In this study, Llama 3, a recent LLM, showed excellent positive and negative predictive values in identifying gout diagnosis from unstructured (ie, free-text) medical documents of EHRs of a French-speaking tertiary university hospital. Performance was slightly better than a regex-based algorithm. The tested prompt structure appears to be a promising template for accurately detecting specific diseases, facilitating the creation of fast and easy-to-implement registers.

Previous studies using natural language technique with or without machine learning have been made to detect gout flare, but prior to or without the use of new LLM.^{16 17} A recent study, using a protected health information compliant form of GPT-4 which extracted hepatological imaging report data from an EHR, showed a similar accuracy,⁶ while the use of LLM to classify injuries showed close to perfect classification capabilities.⁷

The technique based on regular expressions performed well but required iterative adaptations of the different tests to appropriately reject false positive outcome. For such technique, the transposition to another disease will be language and context dependent, and thus remain time-consuming. Although the LLM techniques also needed some iterative works to adapt the prompt and the temperature parameter to obtain proper outputs, the sensitivity study showed that it is robust over a large range of parameter values. Our validation using the proposed framework to detect another disease diagnosis confirms its versatility. It may allow easy implementation in other language or for another condition without expensive tuning. The fact that the LLM algorithm had a great performance using only a two-category output, that is without the need to describe the different situation that could lead to false positive, is clearly an advantage. The slightly lower PPV obtained for the validation dataset when compared with the testing one can be explained by the fact that CPPD in our EHR documents was frequently evocated in differential diagnosis lists, a situation for which the gold standard did not consider it as a diagnosis, but the LLM tended to do so.

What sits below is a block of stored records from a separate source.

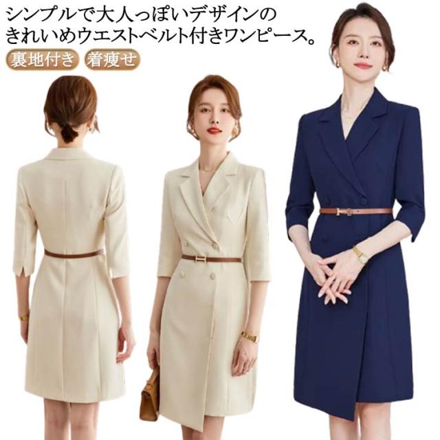 ワンピース レディース スーツ襟 オフィス ワンピーススーツ ミディアム丈 洗えるスーツ ベルト付き Vネック 白 紺 ドレス ウエストベルト付き 七分袖 膝丈 裏地付き 通勤 OL ビジネス 結婚式 七分袖 着痩せ フォーマル ママ 入学式 卒業式 カジュアル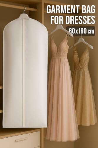 Generic - شنط ملابس غير منسوجة للفساتين، جيدة التهوية وقابلة للطي ومتينة مع سوستة - 60 سم × 1.60 م، أبيض، عبوة من 5 قطع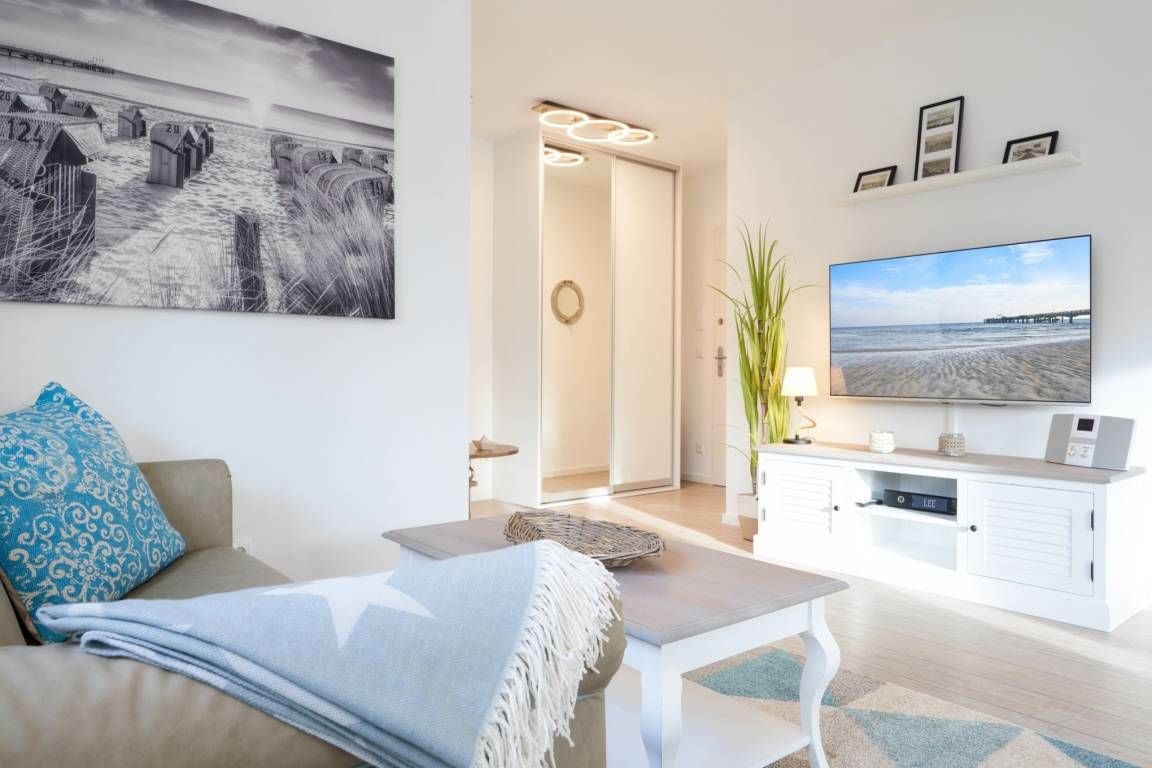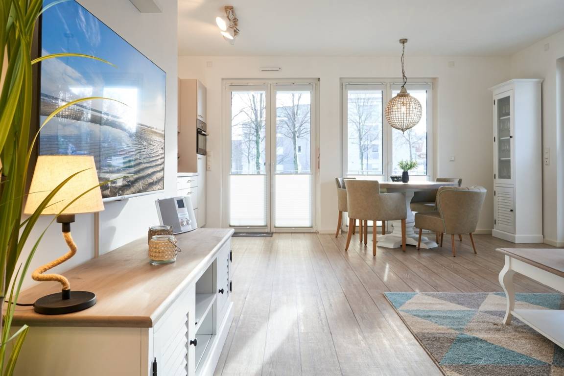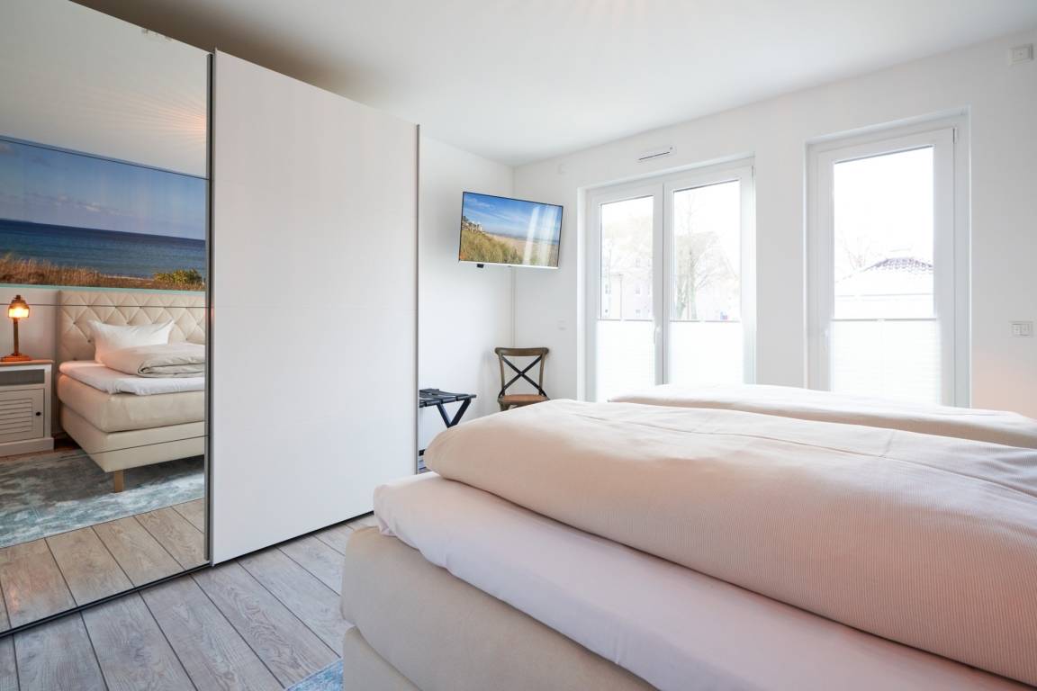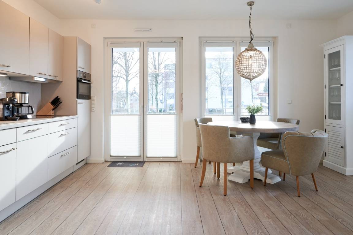 Die 2-Zimmer-Ferienwohnung LEE ist mit bodentiefen Fenstern ausgestattet. An allen Fenstern befindet sich ein Sichtschutz. Die Einbauküche ist komplett ausgestattet. Backofen, Ceran-Kochfeld, Mikrowelle, Geschirrspüler, Kühlschrank mit Gefrierfach, Filterkaffeemaschine, Tassimo-Kapselmaschine, Eierkocher, Mixer, Toaster und Wasserkocher. Sehr schöner, heller Wohnbereich mit einem hochwertigen Sofa, welches mit kurzen Handgriffen in ein bequemes Schlafsofa ( 1,30m x 1,95m) hergerichtet werden kann. [nbsp] Wand-TV ( 55 Zoll ), Internetradio . Der feine Essbereich ist mit einem runden Tisch und mit vier bequemen Sesseln ausgestattet. [nbsp] Aus dem Wohnbereich gelangen Sie auf den herrlichen, überdachten Süd-West-Balkon. Hier stehen Ihnen Tisch und Stühle zur Verfügung. Das Schlafzimmer ist mit einem Boxspringbett (2,00 m x 2,00 m), einem Kleiderschrank, 2 Nachttischen sowie einem Wand-TV (43 Zoll) ausgestattet. Sind Sie es gewohnt, im Dunkeln zu schlafen? Kein Problem, denn im Schlafzimmer stehen Ihnen elektrische Außenrollläden zur Verfügung. Das Duschbad in heller Optik mit bodengleicher Dusche / Regendusche, mit separater Handbrause, Handtuchheizkörper, Fön, Kosmetikspiegel. Die gesamte Wohnung ist mit einer Fußbodenheizung ausgestattet.

The computing power needed for the LLM was higher than the regex-based method, which needed only a personal computer. Our computational setup, using an NVIDIA Titan X GPU with 12 GB VRAM and 20 GB RAM, represents an accessible hardware configuration, available both for research or for healthcare settings, thus allowing to deploy LLMs locally, even in institutions with limited computational infrastructure. This emphasises the need for hospitals to provide secure computing power to researchers and clinicians to foster research in free-text documents. Our study suggests that lighter models of LLM, which do not require extensive computing resources, may be of significant interest for such applications. Given the sensitive nature of patient documents, local deployment is compulsory to maintain control over data flow and comply with institutional privacy protocols. The use of a light LLM such as llama 3-8B allows to run the model locally on modest and easily available hardware.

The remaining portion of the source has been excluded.